Бентон рассмеялся ей в лицо. Смех был искренним. Тони Мондейн посмотрел на него как на сумасшедшего, а Джилл — со страхом и неуверенностью.
— Конечно, мы и не ждем от тебя, что ты уберешься отсюда с пустыми руками, — сказал Бентон своей бывшей супруге. — Ведь ты уже кое-кому столько наобещала…
Он слегка наклонил белокурую головку Джилл и, смачно поцеловав, всунул злосчастного Пикассо в ее ослабевшие руки.
— Вот тебе, дорогая, бесценный шедевр. Сам Мондейн заплатит тебе за него кучу денег. Только попроси.
Энтони так и замер, словно его поразило молнией. И процедил сквозь сжатые зубы:
— Вы просто невообразимая сволочь.
Джилл перевела на Тони свои красивые глаза, и в них внезапно блеснуло лукавство.
— Это правда? Это так дорого стоит?
Бентон приветливо ответил вместо Тони:
— Конечно, милая. Для него — да.
— Как… как «Тайная вечеря» или «Мона Лиза»?
— Точно.
— И я могу продать ее музею?
— Сперва я потолковал бы с Мондейном. Наверное, он даст за нее большую цену.
— Правда, Тони?
Энтони Мондейн посмотрел на Бентона с безграничным отвращением.
— Правда, — процедил он сквозь зубы. — Моя дорогая, — обратился он к Джилл, — думаю, мы обсудим это за завтраком. Я не вижу никакого смысла дольше оставаться здесь.
— Подождите!
Внезапно Элинор возвратилась к жизни и торопливо двинулась через комнату, наталкиваясь на шкаф и китайскую горку.
— Вот, — сказала она, стягивая с пальца бриллиантово-сапфировое кольцо. — Вот, Джилл, кое-что еще. Это очень старая и очень ценная вещь.
Джилл Бонфорд уставилась на драгоценность в своей ладони, на голубые искорки сапфиров и на яркий огонек бриллианта.
— Господи! — тихо сказала она. — А камни не поддельные?
— Нет, конечно, — сказала Элинор. — Не правда ли, Тони?
Тони так крепко сжал губы, что был способен лишь кивнуть. Он так разозлился, что не мог дать волю языку. Джилл перевела настойчивые глаза на Элинор.
— Значит, вы хотите отдать его мне? Но зачем? Чтобы я никогда сюда не вернулась? Не волнуйтесь, это осиное гнездо привлекает меня не больше, чем прокисшее вино. Но все-таки я не понимаю, почему вы отдаете мне кольцо.
— Назовите это… — Элинор помялась, — назовите это страховкой. Это могло бы поддержать вас, пока вы… пока вы не устроитесь с жильем. Я уверена, что вам стоит иметь дело с Тони, он поможет. У него самые разнообразные связи, особенно в Сент-Луисе.
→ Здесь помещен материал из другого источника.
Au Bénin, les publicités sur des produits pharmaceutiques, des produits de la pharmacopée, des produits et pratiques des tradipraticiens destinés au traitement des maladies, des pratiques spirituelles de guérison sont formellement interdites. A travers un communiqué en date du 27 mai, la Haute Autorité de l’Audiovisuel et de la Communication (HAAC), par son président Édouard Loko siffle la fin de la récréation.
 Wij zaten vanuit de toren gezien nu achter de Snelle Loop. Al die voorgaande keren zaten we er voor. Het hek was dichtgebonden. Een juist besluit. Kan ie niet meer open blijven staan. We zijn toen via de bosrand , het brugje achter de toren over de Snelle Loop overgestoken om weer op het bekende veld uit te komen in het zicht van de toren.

Почему бы вам не попытать счастья там?
— Хорошо, — сказала Джилл Бонфорд и улыбнулась Тони Мондейну. — Может быть, так я и сделаю. — Она надела кольцо на гибкий пальчик, украшенный ярким блестящим маникюром. Затем, переложив картину под другую руку, она растопырила пальцы и залюбовалась разноцветными искрами драгоценных камней. — Хорошо. Раз уж вы оба повели себя столь великодушно, чтобы избавиться от меня, может, добавите что-нибудь еще?
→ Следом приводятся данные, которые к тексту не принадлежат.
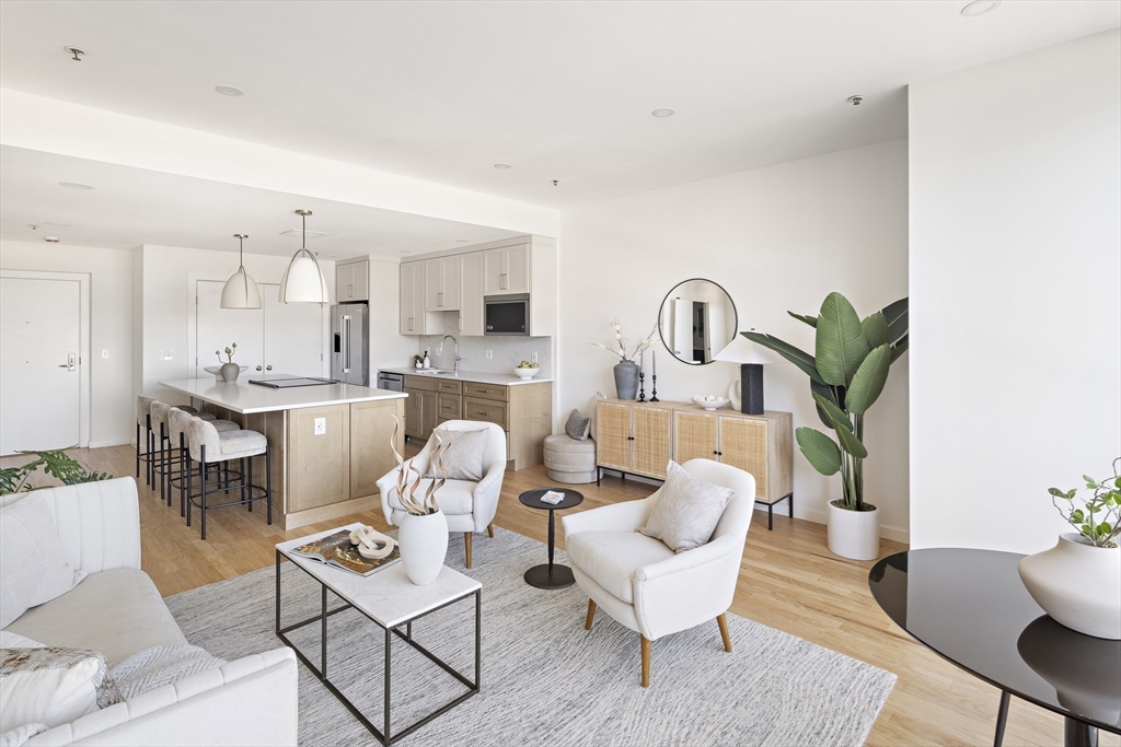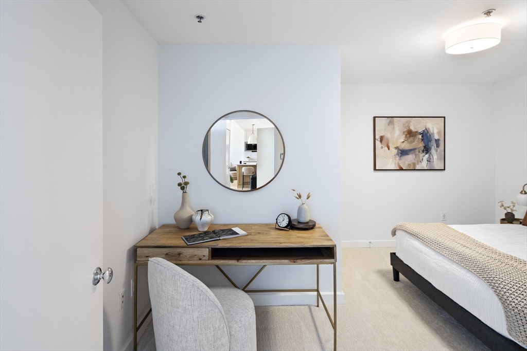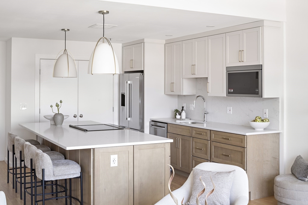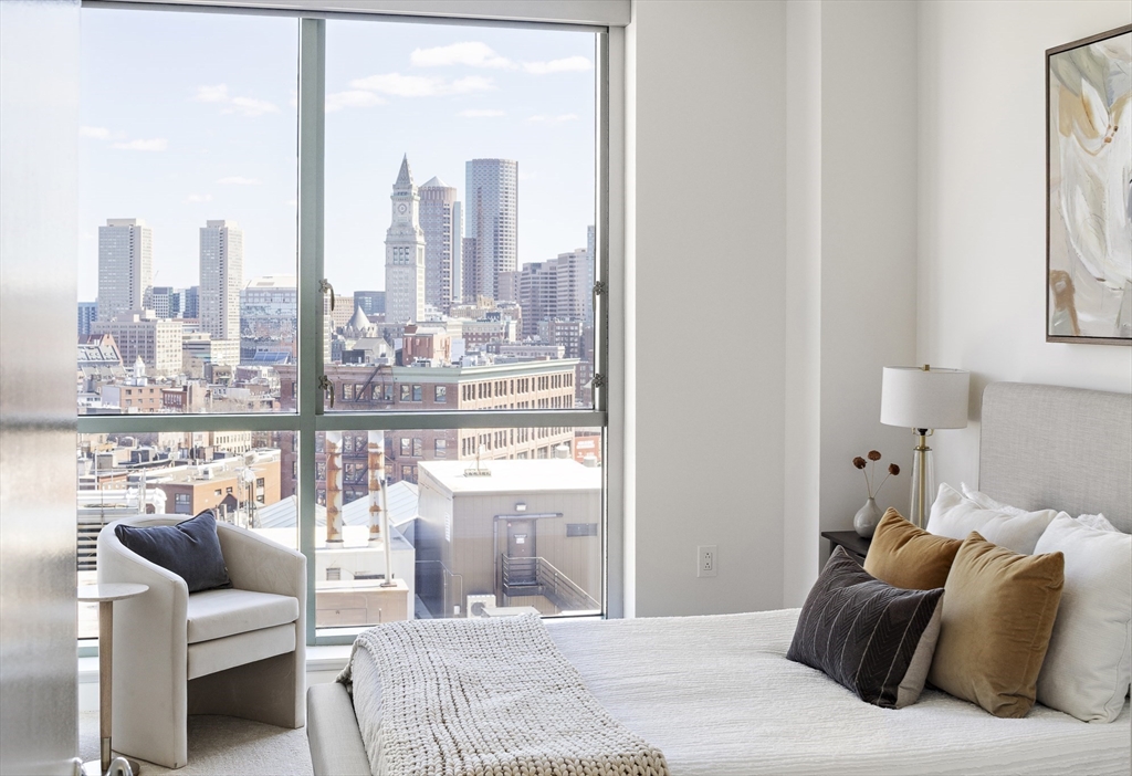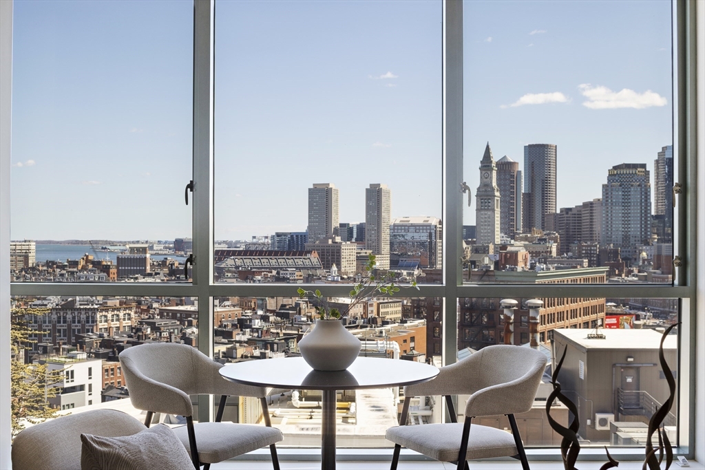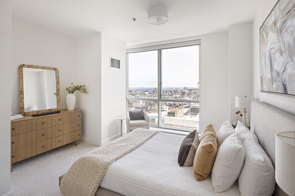 Perched on the 11th floor, this beautifully renovated front-facing 2-bedroom residence offers panoramic views of Boston Harbor, Downtown, and the Financial District, and includes one deeded valet parking space. South-east facing floor-to-ceiling windows flood the space with natural light, while the open-concept layout creates an effortless flow. Brand new kitchen features quartz countertops, custom cabinetry, stainless steel appliances, and a convenient breakfast bar. Rest and recharge in the primary bedroom that replicates the impressive city views. The second bedroom is spacious enough to accommodate a guest bed and a home office. Fully renovated bathroom features double sinks and ample storage space, while in-unit laundry adds everyday convenience. Strada234 residents enjoy boutique living with 24/7 concierge, fitness center and on-site café. Minutes from from TD Garden, Harborwalk, and North Station, and easy access to dining, shopping, highways, and iconic Boston neighborhoods

— Нет, — одновременно сказали Элинор и Бентон. Они посмотрели друг на друга и рассмеялись, словно озорные дети.
Тони Мондейн холодно сказал:
— Спасибо тебе, Господи, за твои маленькие милости. Хорошо. Вы выиграли. Я присмотрю за этим капризным ребенком, по крайней мере, первое время. Предполагаю, вы думаете, что я этого вполне заслуживаю.
— Скажем так, — тихо обронила Элинор, — вы стоите друг друга.
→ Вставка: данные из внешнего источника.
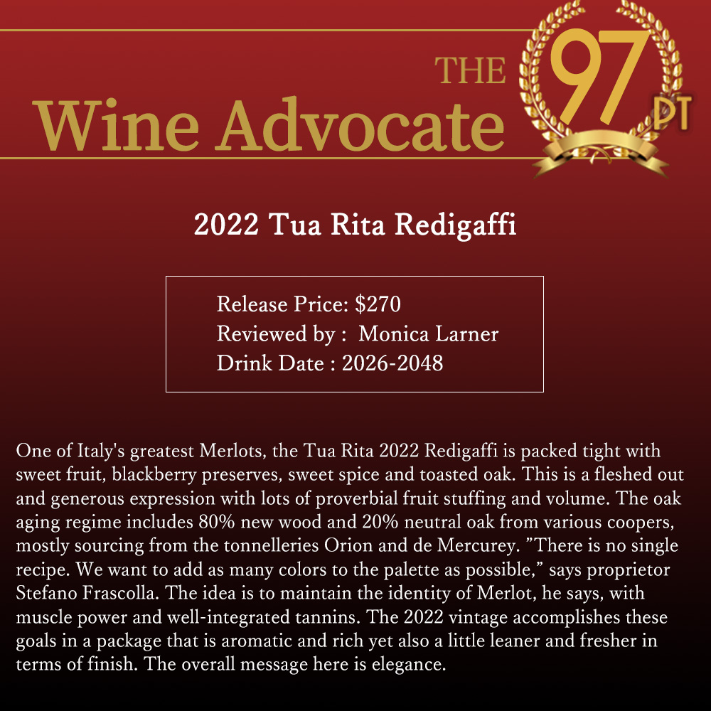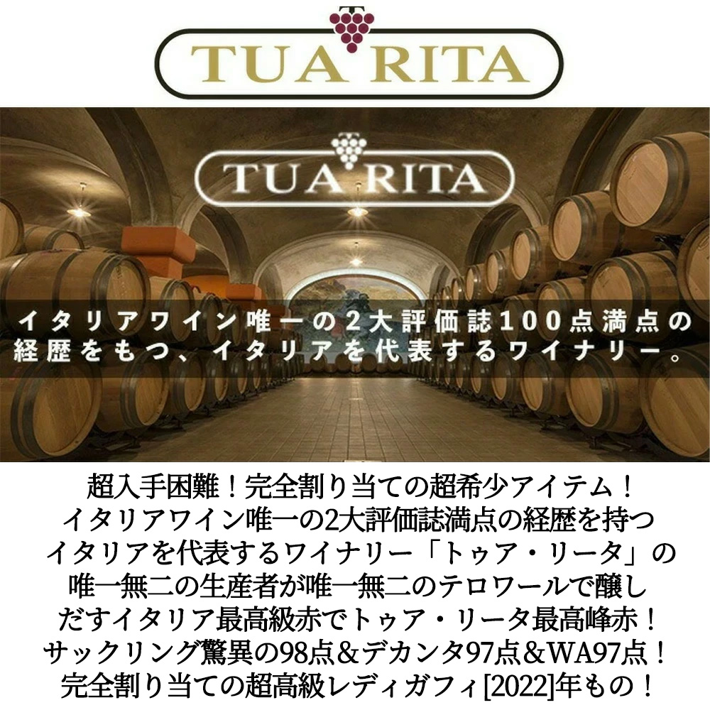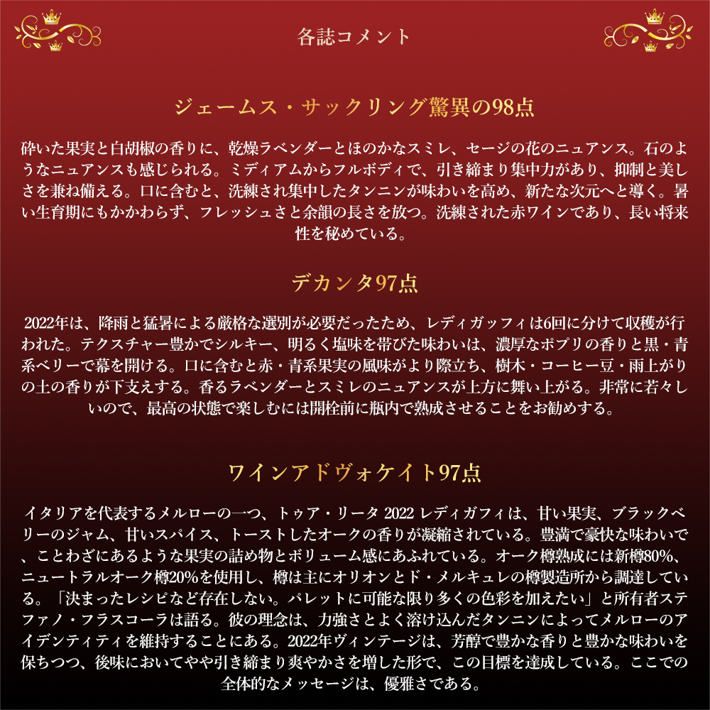 希少レディガフィのこの[2022]年でジェームス・サックリング驚異の98点でコメントは「砕いた果実と白胡椒の香りに、乾燥ラベンダーとほのかなスミレ、セージの花のニュアンス。石のようなニュアンスも感じられる。ミディアムからフルボディで、引き締まり集中力があり、抑制と美しさを兼ね備える。口に含むと、洗練され集中したタンニンが味わいを高め、新たな次元へと導く。暑い生育期にもかかわらず、フレッシュさと余韻の長さを放つ。洗練された赤ワインであり、長い将来性を秘めている。」!ワインアドヴォケイト97点!

Она стояла рядом с Бентоном и чувствовала его, теплого и надежного.
Тони запахнул ворот своего пальто и дернул почти примерзшую дверь.
Снег наконец прошел. Розовые и перламутровые лучи утреннего солнца осветили сугробы в проулке. Черные скворцы, нахохлившись, сидели на ветках ив. По направлению к магазину одежды проехал фургон.
Жизнь продолжалась.
Тони поежился и сказал Джилл:
— Ступайте, дитя мое.
Джилл вздрогнула и сказала:
— Бррр!
Тони двинулся с места. Затем остановился.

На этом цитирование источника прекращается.